Is there a benefit to over-serrated vs under-serrated sickle knives? I am repaifing a MF model 41 sickle mower, and before I replace the knives I was wondering if it mattered which way I went.


----------



## cwright (Oct 19, 2011)

I would think the aggressive serration knifes would be suited more for Sudan and other heavy stemmed varieties and the less agressive for fine stemed types of forage.
I have a 41 Massey and use the fine serrated knifes. It gets all the small thin blades of grass pretty well.


----------



## mike10 (May 29, 2011)

Over serrated sections will stay sharper for a longer period of time. You should be able to find some that have as many serrations per inch and as the under serrated sections.


----------



## BowHunterFett (Aug 23, 2011)

Thanks, the PO used the wrong sections when he reworked it, and redrilled the holes to make them work, and he put on underserrated, but the only ones I have found at the local farm store are over serrated, but I did not know if there was a benefit either way. The tooth number seems exact, so I figured it would work, plus, maybe in fine grass it won't be able to get under it and jamb up?


----------



## Mike120 (May 4, 2009)

I use agressive, over-serrated sections in my NH 456 from Home page Webb's Sickle Service They last a lot longer than the chinese-made sections from the chain stores and are probably cheaper. I've tried the fine-tooth sections and they didn't cut as well unless I went a little slower. I'm cutting Bermuda and Bahia.


----------



## NDVA HAYMAN (Nov 24, 2009)

As Mike 120 stated, Webb's Sickle Service is the authority as far as I'm concerned. Great customer service and knowledge. Call and talk to them. Mike


----------



## BowHunterFett (Aug 23, 2011)

I checked that site, and as far as I can tell, they do not carry the right parts I need, and do not list Massey at all. Pretty hard site to navigate tho, so I may have missed them, or just plain and simply not looked in the right place. I will give the ones I picked up a try, they should work fine. I am only running this 7' mower on a 45hp Cub Cadet YanMar, so speed is not an option. They will have to be better than the old chunked out dull pieces of junk that were on there. Thanks for the help!


----------



## Mike120 (May 4, 2009)

BowHunterFett said:


> I checked that site, and as far as I can tell, they do not carry the right parts I need, and do not list Massey at all.

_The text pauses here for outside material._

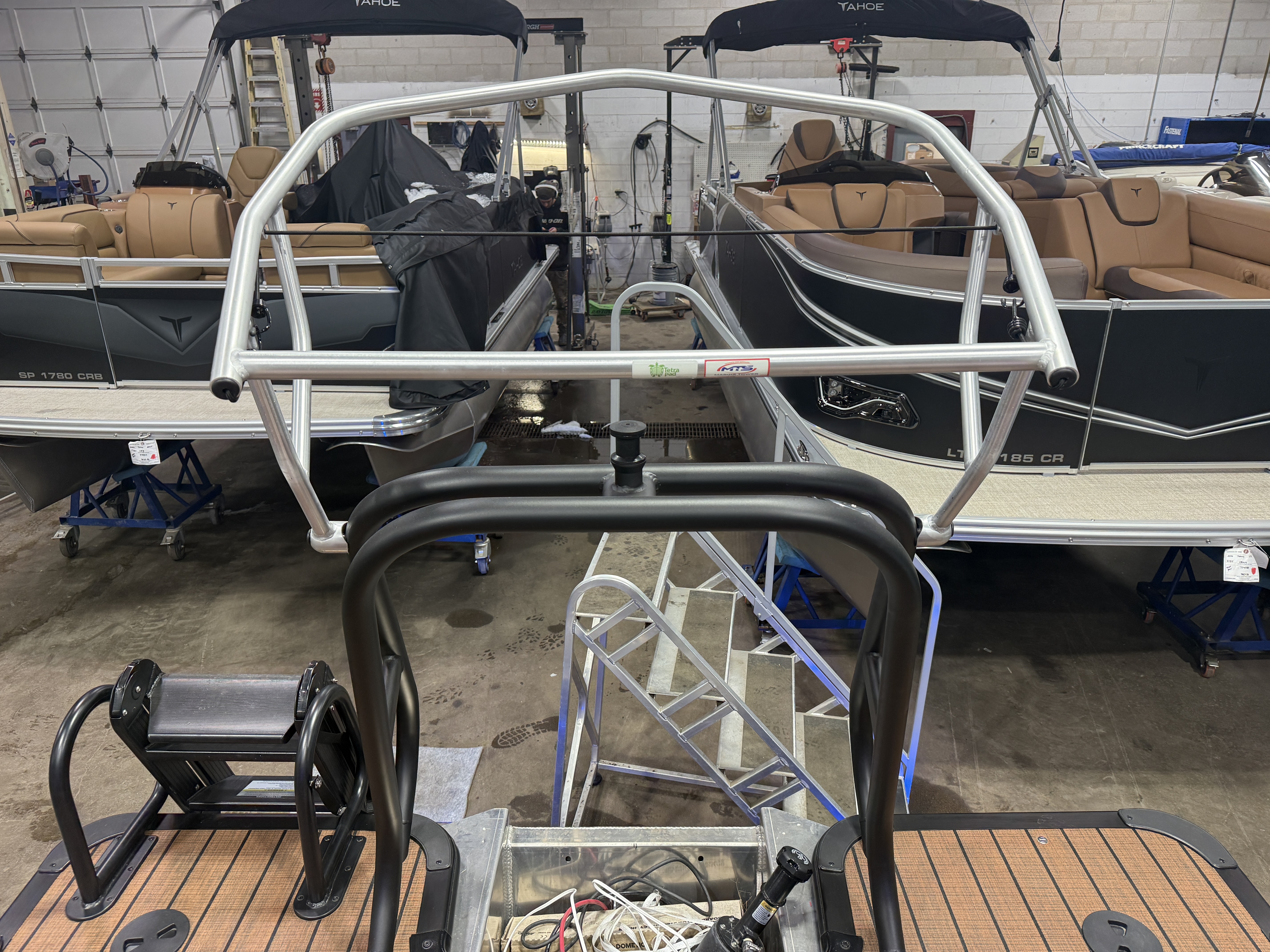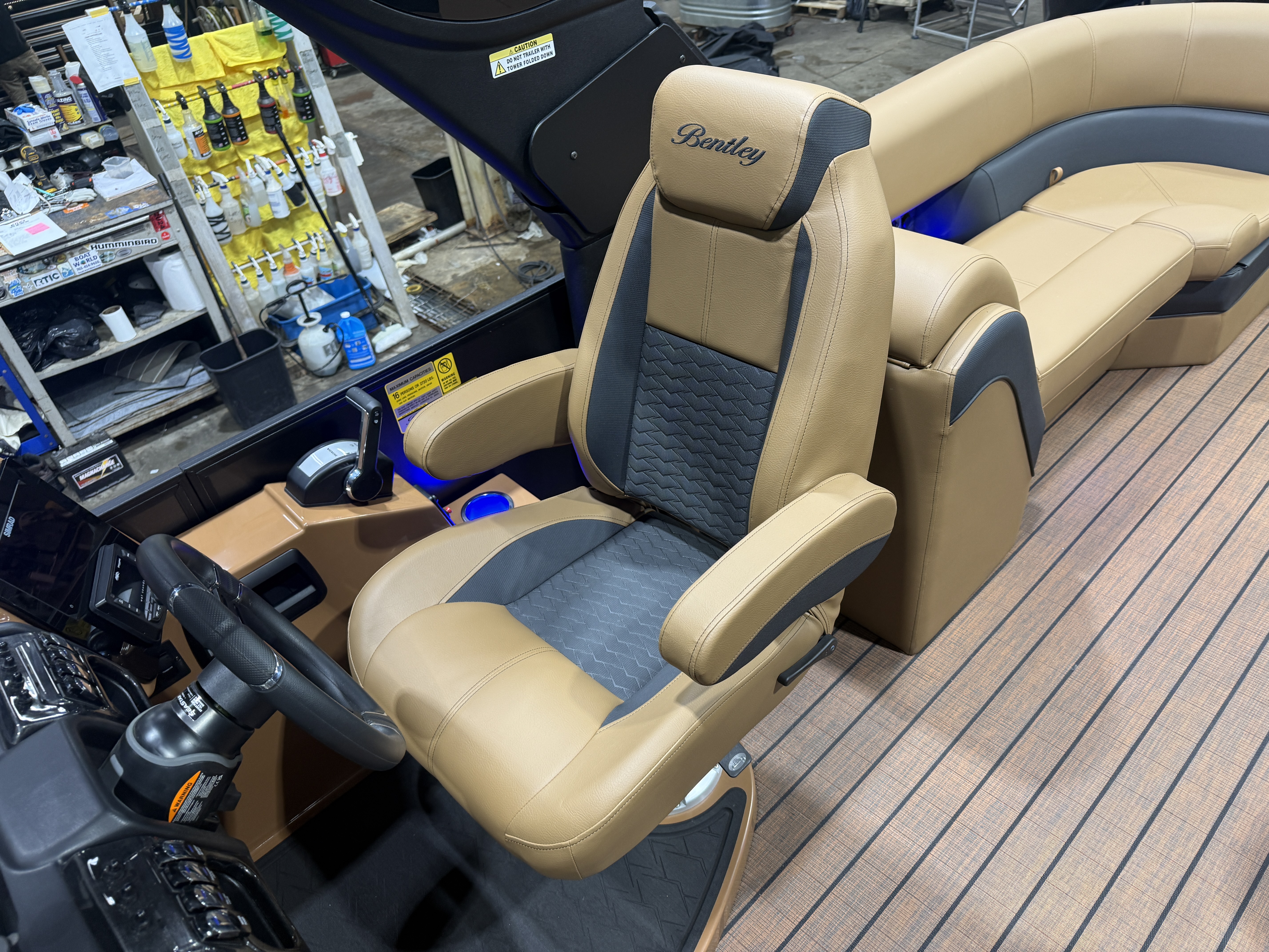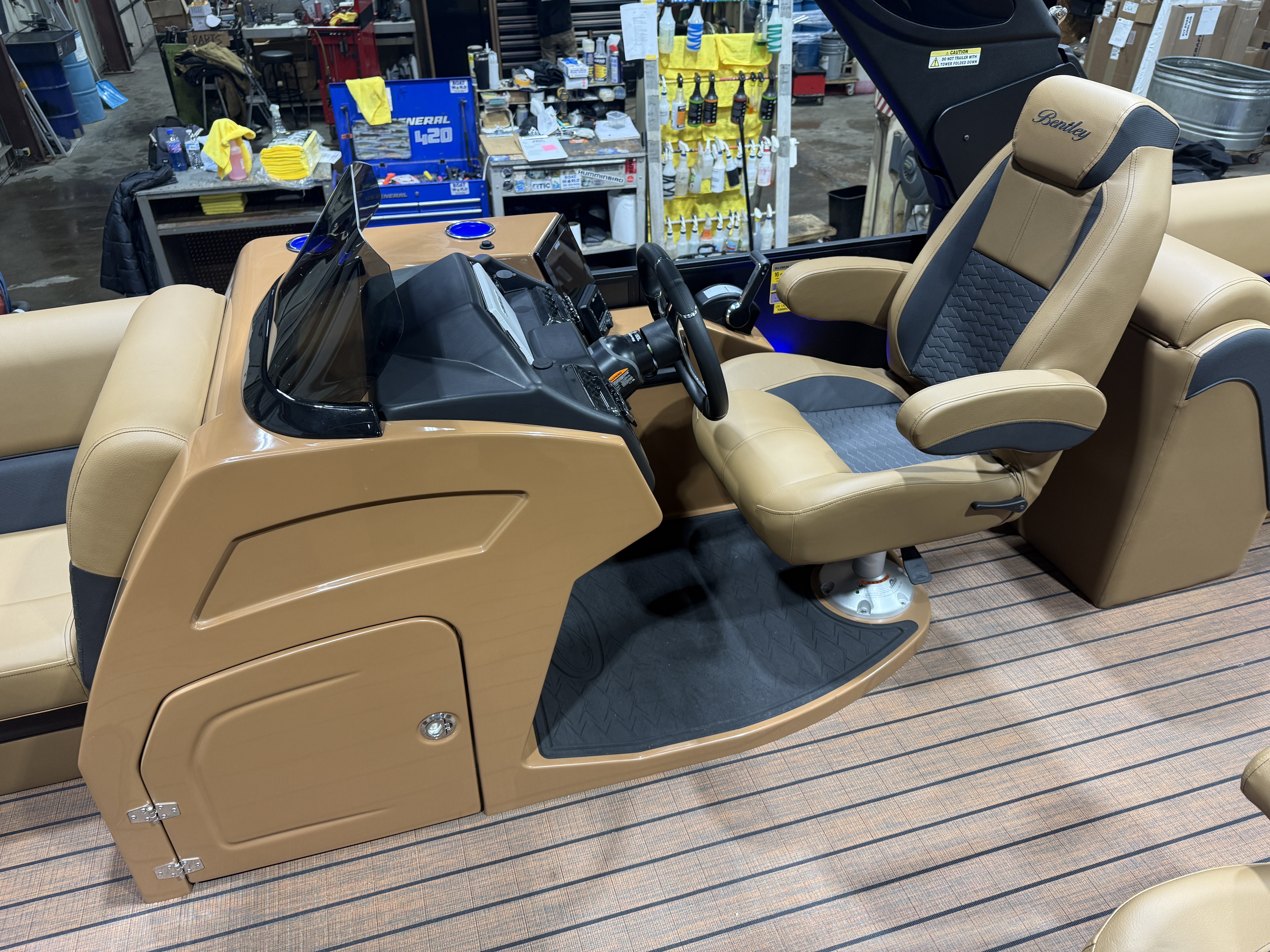 2026 Bentley Elite 253 Admiral Quad Lounge Tritoon Pontoon & Honda 350HP 4-Stroke EFI. This Matte Black Walls 25' Tri-toon Quad Lounger Has Front Chaise Lounge Seating With Storage, Rear Chaise Lounge Seating W/Storage, Side By Side Highback Reclining Captain's Seats, Interior & Exterior LED Blue Light Package w/Under Water & Under Deck Lights, Powder Coated Rails, Stainless Steel Flip Up Cleats, Simrad GPS Touch Screen Gauges, Simrad GPS Depth Finder, Black Ski Tow Bar, Premium Wet Sound Package w/Bluetooth Radio w/6 Speakers & 10" Sub, Two Tables, Raised Fiberglass Helm w/Storage, Walnut Teak Vinyl Flooring, Playpen Cover, Power Assist Steering, Upgraded 6 Lifting Strakes, High HD Package, Underneath Sheeting, Lillipad Easy Step Ladder, 4 Fender Pro, Brandy Interior Package w/Black Accent, 25" Tubes, Wireless Phone Charger, Multiple USB Charging Ports, Lounge End Table, Movable Bow Filler(Not In Pics), New Battery, Noco Battery Charger, Electric Wake Tower w/Bimini Top & Speakers, Blackout Package, Windshield, Black Graphics Package, EZ View Bow Gate, Dog Bowls, LED Docking Lights, LED NAV Lights, Ski Locker Storage In Tube, Built-In 54 Gallon Gas Tank, Stainless Steel Rail Mount Flag Holder w/AMERICAN Flag, Tetra-Pad Ski Tow Rack, Ghost Mounts For Lillipad Accessories. Rated For 16 People!
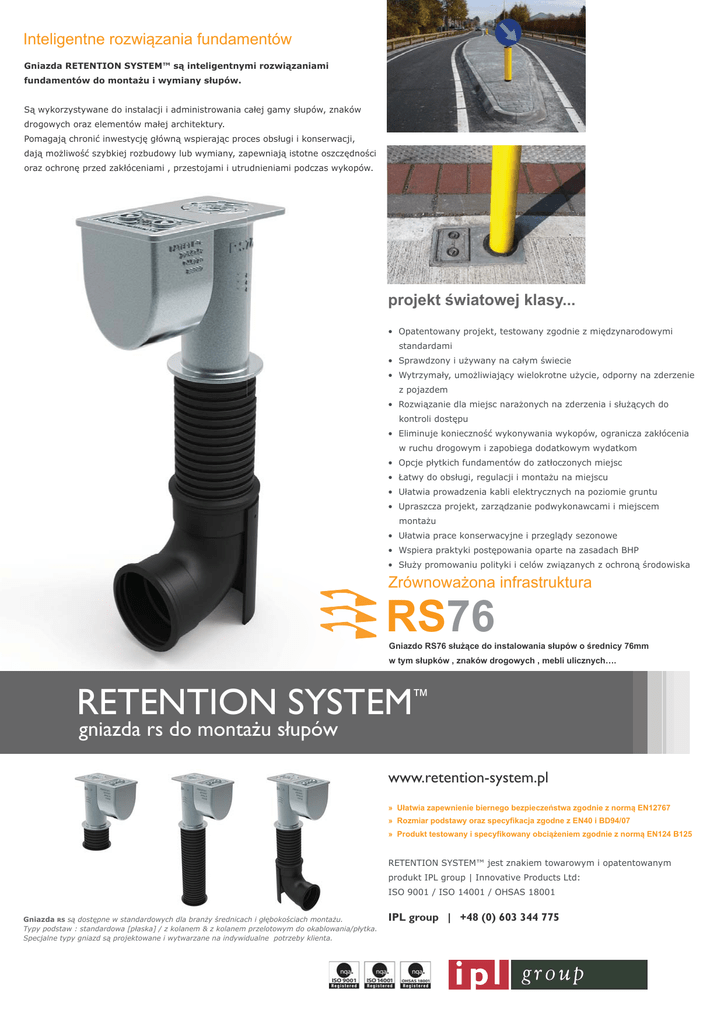 Inteligentne rozwiązania fundamentów Gniazda RETENTION SYSTEM™ są inteligentnymi rozwiązaniami fundamentów do montażu i wymiany słupów. Są wykorzystywane do instalacji i administrowania całej gamy słupów, znaków drogowych oraz elementów małej architektury. Pomagają chronić inwestycję główną wspierając proces obsługi i konserwacji, dają możliwość szybkiej rozbudowy lub wymiany, zapewniają istotne oszczędności oraz ochronę przed zakłóceniami , przestojami i utrudnieniami podczas wykopów. projekt światowej klasy... • Opatentowany projekt, testowany zgodnie z międzynarodowymi standardami • Sprawdzony i używany na całym świecie • Wytrzymały, umożliwiający wielokrotne użycie, odporny na zderzenie z pojazdem • Rozwiązanie dla miejsc narażonych na zderzenia i służących do kontroli dostępu • Eliminuje konieczność wykonywania wykopów, ogranicza zakłócenia w ruchu drogowym i zapobiega dodatkowym wydatkom • Opcje płytkich fundamentów do zatłoczonych miejsc • Łatwy do obsługi, regulacji i montażu na miejscu • Ułatwia prowadzenia kabli elektrycznych na poziomie gruntu • Upraszcza projekt, zarządzanie podwykonawcami i miejscem montażu • Ułatwia prace konserwacyjne i przeglądy sezonowe • Wspiera praktyki postępowania oparte na zasadach BHP • Służy promowaniu polityki i celów związanych z ochroną środowiska Zrównoważona infrastruktura RS76 Gniazdo RS76 służące do instalowania słupów o średnicy 76mm w tym słupków , znaków drogowych , mebli ulicznych…. RETENTION SYSTEM™ gniazda rs do montażu słupów www.retention-system.pl » Ułatwia zapewnienie biernego bezpieczeństwa zgodnie z normą EN12767 » Rozmiar podstawy oraz specyfikacja zgodne z EN40 i BD94/07 » Produkt testowany i specyfikowany obciążeniem zgodnie z normą EN124 B125 RETENTION SYSTEM™ jest znakiem towarowym i opatentowanym produkt IPL group | Innovative Products Ltd: ISO 9001 / ISO 14001 / OHSAS 18001 Gniazda RS są dostępne w standardowych dla branży średnicach i głębokościach montażu. Typy podstaw : standardowa [płaska] / z kolanem & z kolanem przelotowym do okablowania/płytka. Specjalne typy gniazd są projektowane i wytwarzane na indywidualne potrzeby klienta. IPL group | +48 (0) 603 344 775 gniazda RS Instalacja i specyfikacja... słup Instalacja gniazd RS powinna być prowadzona z uwzględnieniem przepisów bezpieczeństwa i higeny pracy oraz zasadami wiedzy budowlanej. korek pokrywa fundament betonowy nawierzchnia iazda wysokość gn 1. Przygotować otwór jak na rys. co najmniej 75mm głębszy niż całkowita wysokość gniazda. 2. Zagęścić 75mm warstwę tłucznia lub żwiru. 3. Ustawić gniazdo po środku otworu zapewniając dostęp z każdej strony. 4. Ustawić głowę gniazda w żądanym kierunku 5. Zdemontować pokrywę komory mocującej oraz kolumny montażowej 6. Zainstalować tymczasowy słupek montażowy, dokręcić go śrubą mocującą 7. Zamknąć pokrywę komory mocującej, wypełnić wykop betonem (klasa betonu min.B20) 8. Upewnić się, że gniazdo jest w pionie i dobrze zagęścić 9. Sprawdzić czy element wraz z gniazdem jest w pionie, ostrożnie zdemontować słupek montażowy, zamknąć pokrywy gniazda i pozostawić do związania 10. Po związaniu betonu obudować gniazdo nawierzchnią tu wy mi ary en fun da W celu uzyskania dodatkowych informacji dla nietypowych warunków montażu prosimy o kontakt z dostawcą. y me r ia ntu m da n fu ym w zagęszczona podsypka do drenażu Uwaga : Szczegółowa instrukcja dostarczana jest wraz z gniazdem Gniazdo RS76 służące do instalowania słupów o średnicy 76mm Nr Ref: C - zmienna D - zmienna Ø 78 B - 138 A - 230 RS76x300sf RS76x300 RS76x450 A (mm) płytka 230 standardowa [płaska] 230 standardowa [płaska] 230 RS76x450df z kolanem 230 138 450 310 10.6 RS76x450t RS76x600 z kolanem przelotowym 230 138 138 450 600 310 600 18.5 10.6 Typy Podstaw RS76x600df standardowa [płaska] 230 z kolanem 230 RS76x600t z kolanem przelotowym 230 D** (mm) Waga (kg) 138 138 138 300 300 450 210 300 450 17 10 10.5 138 600 460 10.8 138 138 600 750 460 750 19 11 RS76x750 standardowa [płaska] 230 z kolanem 230 138 750 610 11.1 RS76x750t RS76x900 z kolanem przelotowym 230 138 138 750 900 610 900 19.2 11.5 RS76x900df z kolanem 230 138 900 760 11.6 RS76x900t z kolanem przelotowym 230 138 900 760 19.5 standardowa [płaska] 230 Rura montażowa do gniazd RS | Nakładka do gniazd RS Redukcje do gniazd RS na Ø60.3mm / Ø48.3mm (niestandardowe wysokości i podstawy pod nietypowe instalacje) Specyfikacja Materiałowa: C* całkowita głębokość fundamentu D** całkowita głębokość słupa w gnieździe Rysunki techniczne wszystkich typów gniazd RS udostępnione są przez IPL group. Powyższy rysunek nie przedstawia wielkości rzeczywistej. Ilustracje , informacje techniczne , wymiary i waga mogą ulec zmianie C* (mm) RS76x750df Opcje: RS76 B (mm) Korpus, Korek, Pokryawa: Koluma: Płaska podstawa: Kolano: Podstawa przelotowa: Śruba Mocująca: Śruba Montażowa: Wykończenie: Staliwo EN 10340 GS240 PP - Polipropylen Stal PC/ABS - Poliwęglan Żeliwo Sferoidalne (BS2789 500-7) M16 A2 Stal Nierdzewna M12 A2 Stal Nierdzewna Cynkowanie Ogniowe Retention System oraz gniazda RS są opatentowane i posiadają znak towarowy. W celu uzyskania dodatkowych informacji na temat gniazd RS oraz elementów wyposażenia dodatkowego należy skontaktować się z lokalnym dystrybutorem lub główną siedzibą firmy. © Czerwiec 2016 . RETENTION SYSTEM™ www.retention-system.pl Industrial Plant Limited Sp. z o.o., Oddzial w Polsce, ul. Kardynała Stefana Wyszyńskiego 35/9. 66-400 Gorzów Wielkopolski | T: +48 603 344 775 | E: [email protected] | W: www.iplgroup.pl

Their website is difficult......call and ask for a catalog, it's much easier to read and has a lot more items. They also carry disc cutter knives that were 50% less than Agco for the same blades.


----------



## Gearclash (Nov 25, 2010)

> They will have to be better than the old chunked out dull pieces of junk that were on there.


If the sickle sections look like that be sure that the rock guard ledger plates are in good shape. They are the other half of your "scissors".


----------